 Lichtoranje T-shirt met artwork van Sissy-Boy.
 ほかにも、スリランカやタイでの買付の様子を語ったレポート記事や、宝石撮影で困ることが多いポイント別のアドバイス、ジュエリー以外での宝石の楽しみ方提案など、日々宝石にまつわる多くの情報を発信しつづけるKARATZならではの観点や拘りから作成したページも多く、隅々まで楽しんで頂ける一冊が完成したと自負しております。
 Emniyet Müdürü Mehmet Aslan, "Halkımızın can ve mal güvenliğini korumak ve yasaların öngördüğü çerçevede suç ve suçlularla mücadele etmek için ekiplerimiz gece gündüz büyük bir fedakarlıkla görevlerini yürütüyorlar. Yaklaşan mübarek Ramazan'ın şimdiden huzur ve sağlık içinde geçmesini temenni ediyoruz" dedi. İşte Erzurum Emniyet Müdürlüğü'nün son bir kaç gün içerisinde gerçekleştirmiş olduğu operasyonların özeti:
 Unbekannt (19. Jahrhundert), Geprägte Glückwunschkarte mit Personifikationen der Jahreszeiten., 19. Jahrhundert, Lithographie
...
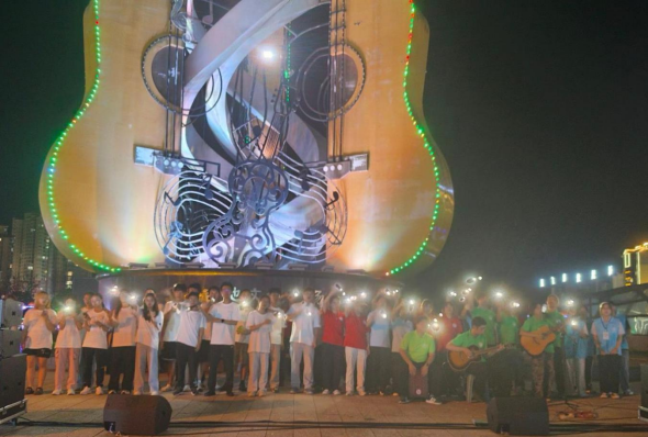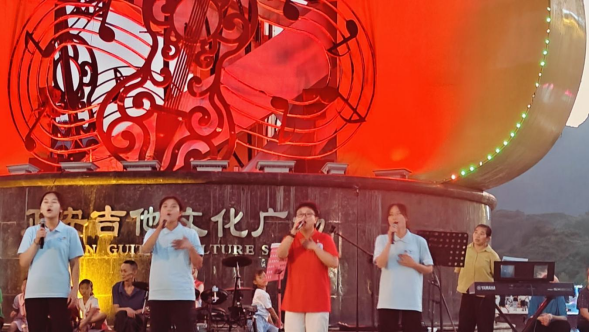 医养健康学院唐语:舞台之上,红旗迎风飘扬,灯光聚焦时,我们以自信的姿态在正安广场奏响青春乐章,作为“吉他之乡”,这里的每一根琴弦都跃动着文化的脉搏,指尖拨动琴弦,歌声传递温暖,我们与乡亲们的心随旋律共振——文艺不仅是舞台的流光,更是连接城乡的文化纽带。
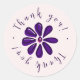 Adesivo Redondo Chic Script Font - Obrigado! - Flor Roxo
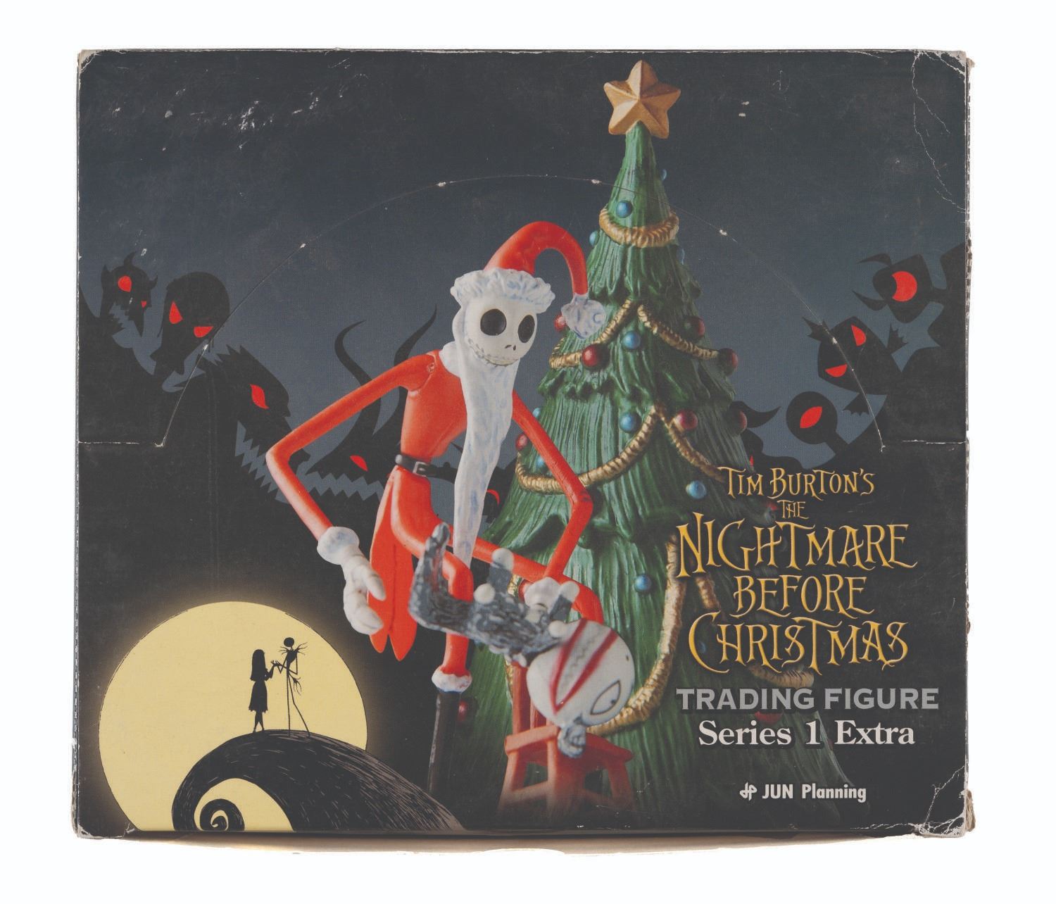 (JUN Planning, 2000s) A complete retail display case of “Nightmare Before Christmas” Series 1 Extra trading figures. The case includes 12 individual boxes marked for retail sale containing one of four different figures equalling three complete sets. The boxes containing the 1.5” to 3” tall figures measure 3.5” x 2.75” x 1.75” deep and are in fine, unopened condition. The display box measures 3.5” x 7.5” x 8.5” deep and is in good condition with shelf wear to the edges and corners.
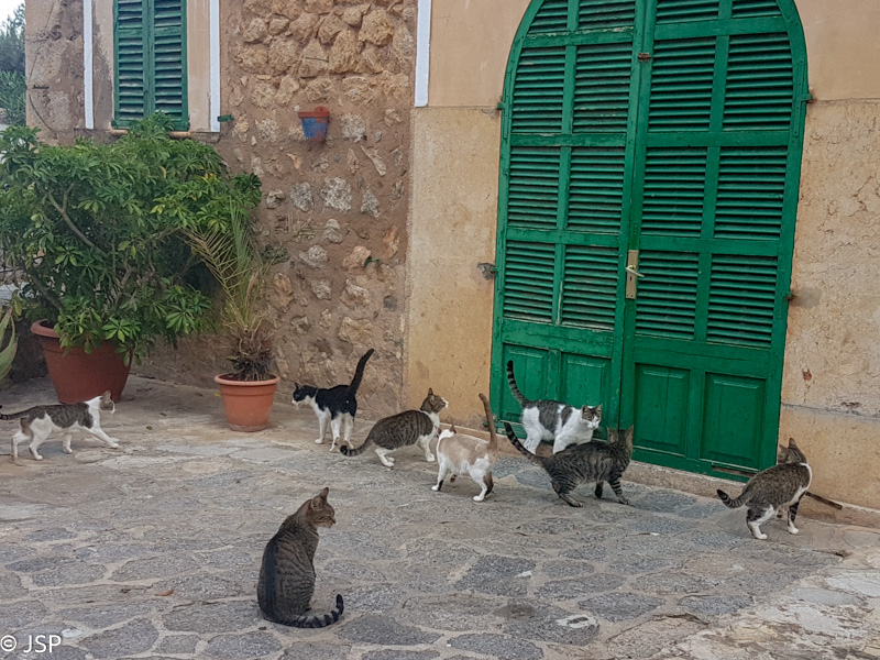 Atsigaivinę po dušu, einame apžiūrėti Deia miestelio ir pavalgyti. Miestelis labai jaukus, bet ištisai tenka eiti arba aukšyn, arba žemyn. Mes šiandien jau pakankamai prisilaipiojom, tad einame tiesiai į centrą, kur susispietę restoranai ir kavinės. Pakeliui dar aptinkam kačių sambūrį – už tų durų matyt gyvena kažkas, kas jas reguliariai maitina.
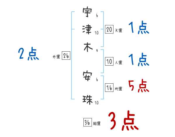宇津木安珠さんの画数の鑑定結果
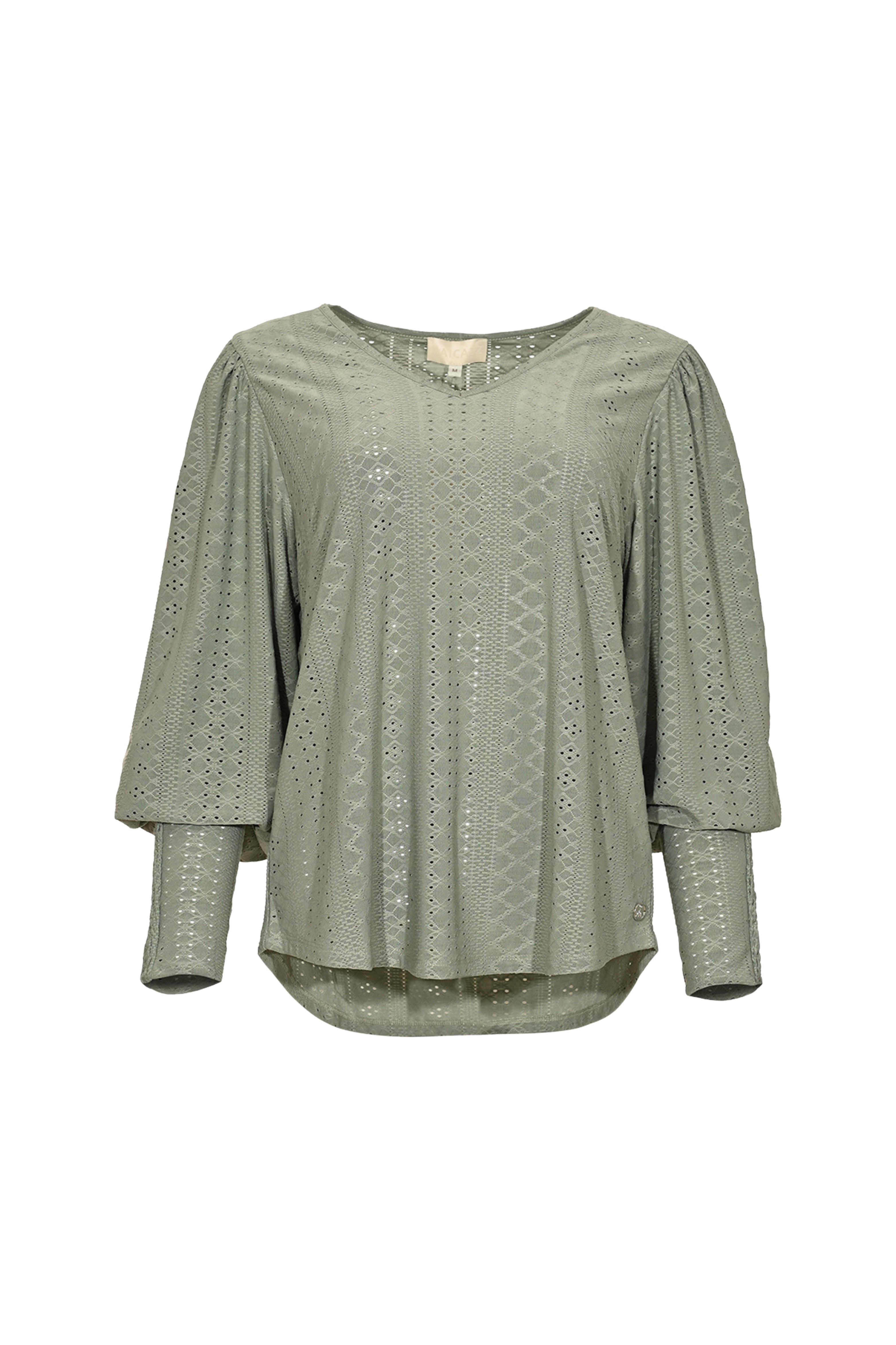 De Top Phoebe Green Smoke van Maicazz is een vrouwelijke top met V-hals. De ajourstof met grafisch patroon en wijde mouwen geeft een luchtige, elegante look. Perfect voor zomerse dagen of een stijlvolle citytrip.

- _Aim of the exercise_
Look above for the line with "Atsigaivinę po dušu, einame", then give again exactly every line from there through the line with "De Top Phoebe", skipping the pictures.

- _The completed task_
 Atsigaivinę po dušu, einame apžiūrėti Deia miestelio ir pavalgyti. Miestelis labai jaukus, bet ištisai tenka eiti arba aukšyn, arba žemyn. Mes šiandien jau pakankamai prisilaipiojom, tad einame tiesiai į centrą, kur susispietę restoranai ir kavinės. Pakeliui dar aptinkam kačių sambūrį – už tų durų matyt gyvena kažkas, kas jas reguliariai maitina.
宇津木安珠さんの画数の鑑定結果
 De Top Phoebe Green Smoke van Maicazz is een vrouwelijke top met V-hals. De ajourstof met grafisch patroon en wijde mouwen geeft een luchtige, elegante look. Perfect voor zomerse dagen of een stijlvolle citytrip.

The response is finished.